[英]Creating columns out of categorical variables with values from two other columns in pandas
Original dataframe 原始数据框
I want it to transform into the following structure: 我希望它转换为以下结构:
Area |Ind3_2016|Ind6_2016|...|Ind12_2016|Ind3_2017|Ind6_2017|...| Ind12_2017
-------|---------|---------|---|----------|---------|---------|---|-----------
Alabama| 2306 | 2270 |...| 35621 | 2409 | 3391 |...| 36397
Create columns out of every unique value in IndCode column for 2016 and 2017 and place values of 2016 and 2017 column under these columns. 在2016和2017的IndCode列中的每个唯一值中创建列,并将2016和2017列的值放在这些列下。

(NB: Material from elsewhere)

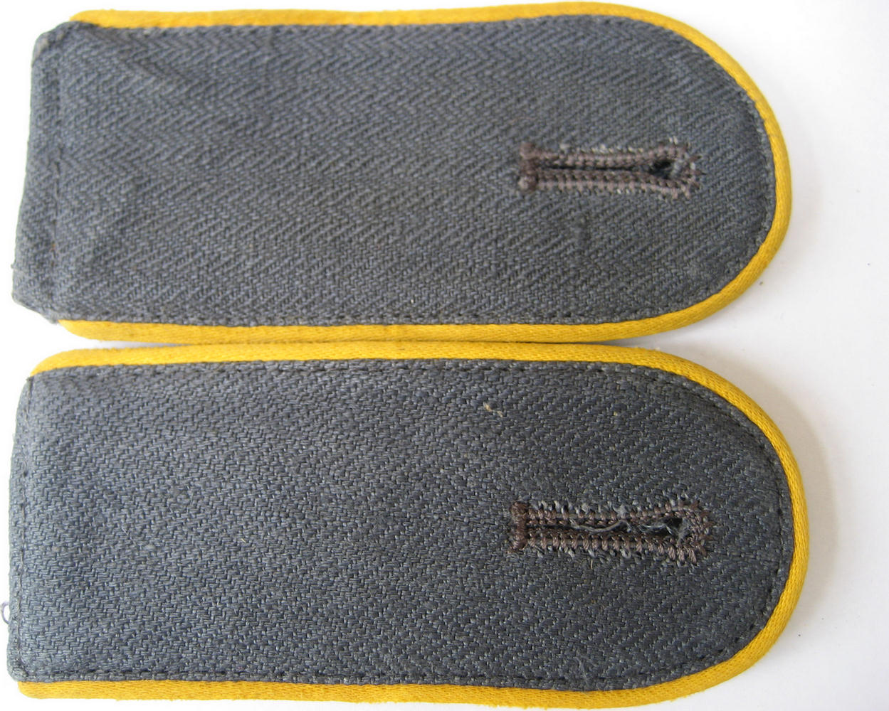 This is a matching pair of WH Luftwaffe HBT boards having the golden-yellow 'silk-like' piping for a soldier of the 'Flieger-/Fallschirmjäger' troops. These blue HBT boards are considered rare and were also used by the LW field-divisions (for example on the specific FD-camouflaged smocks!). The set is IMO only slightly used. A rare pair!

You can either perform two separate pivots and then concatenate the results, or do some stacking beforehand and just do one pivot. 您可以执行两个单独的枢轴,然后连接结果,或者预先进行一些堆叠,然后仅执行一个枢轴。
import pandas as pd
df = pd.DataFrame({'Area': ['A', 'A','A','A','A'],
'IndCode': [3, 6, 10, 11, 12],
'Industry': ['blah', 'foo', 'bar', 'baz', 'boo'],
'2016': [2306, 2270, 5513, 7730, 35621],
'2017': [2409, 3391, 5438, 7890, 36397]
})
pd.concat([pd.pivot_table(df, index='Area', columns='Ind'+df.IndCode.astype(str)+'_2016', values='2016'),
pd.pivot_table(df, index='Area', columns='Ind'+df.IndCode.astype(str)+'_2017', values='2017')],axis=1)
Outputs: 输出:
IndCode Ind10_2016 Ind11_2016 Ind12_2016 Ind3_2016 Ind6_2016 Ind10_2017 Ind11_2017 Ind12_2017 Ind3_2017 Ind6_2017
Area
A 5513 7730 35621 2306 2270 5438 7890 36397 2409 3391
df2 = df.set_index(['Area', 'IndCode'])[['2016', '2017']].stack().reset_index()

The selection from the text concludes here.